### Supplied information
=== Section Start ===

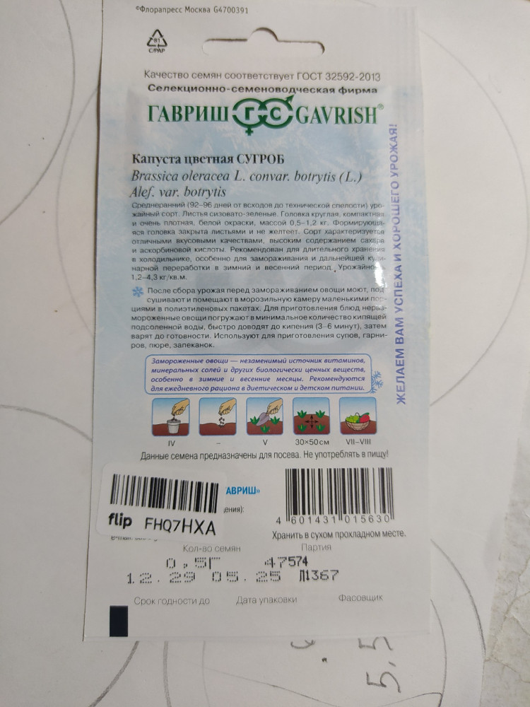 Гавриш Семена. Капуста цветная «Сугроб», 0,5 г-25% +3 высокая всхожесть быстрое прорастание крупные кочаны приятный вкус необычный окрас листьев
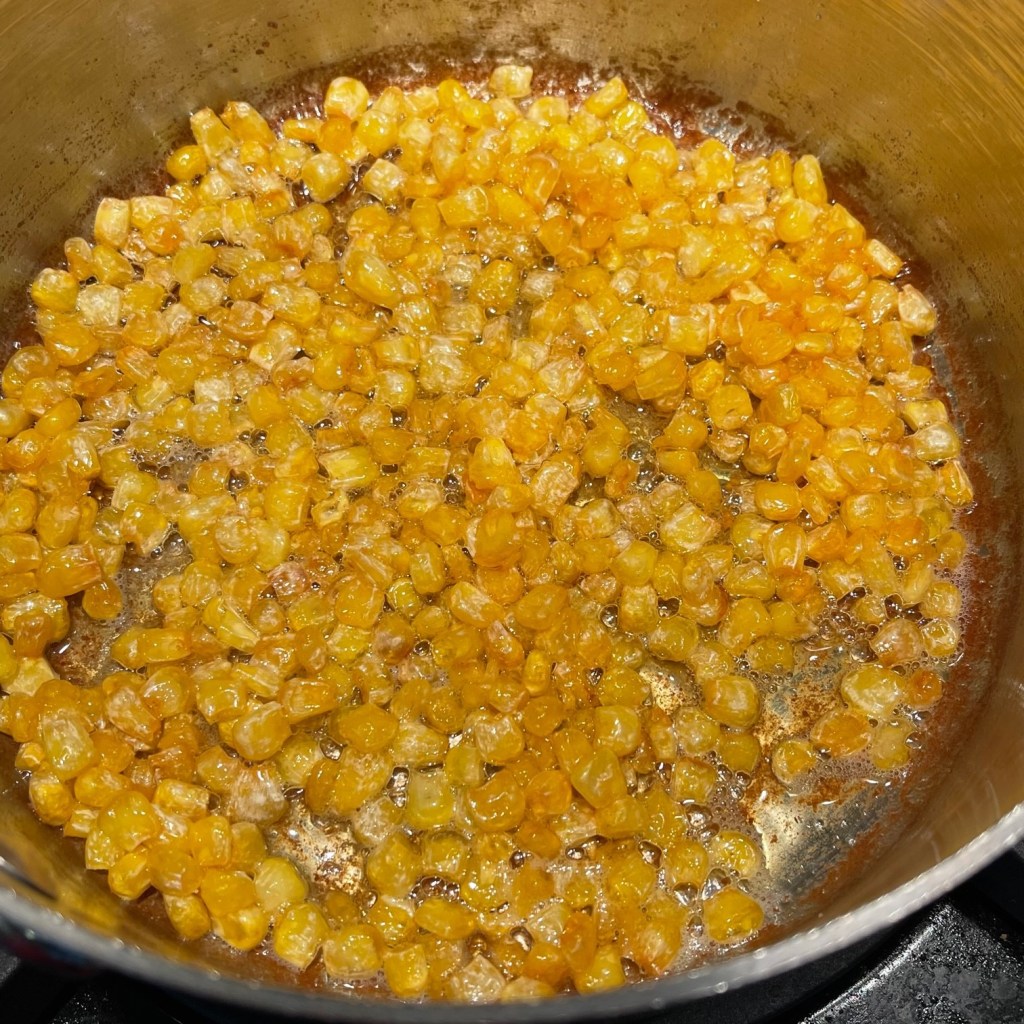 In a saucepan, melt the butter and cook corn over medium flame, until it begins to brown – about 15 minutes. Stir often.
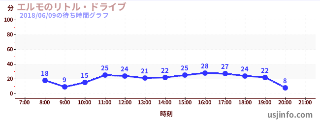 • エルモのリトル・ドライブ$B$N(B2018年06月09日の待ち時間

=== Section End ===

### Brief
Print out all the material word for word but exclude any images.

### Final answer
 Гавриш Семена. Капуста цветная «Сугроб», 0,5 г-25% +3 высокая всхожесть быстрое прорастание крупные кочаны приятный вкус необычный окрас листьев
 In a saucepan, melt the butter and cook corn over medium flame, until it begins to brown – about 15 minutes. Stir often.
 • エルモのリトル・ドライブ$B$N(B2018年06月09日の待ち時間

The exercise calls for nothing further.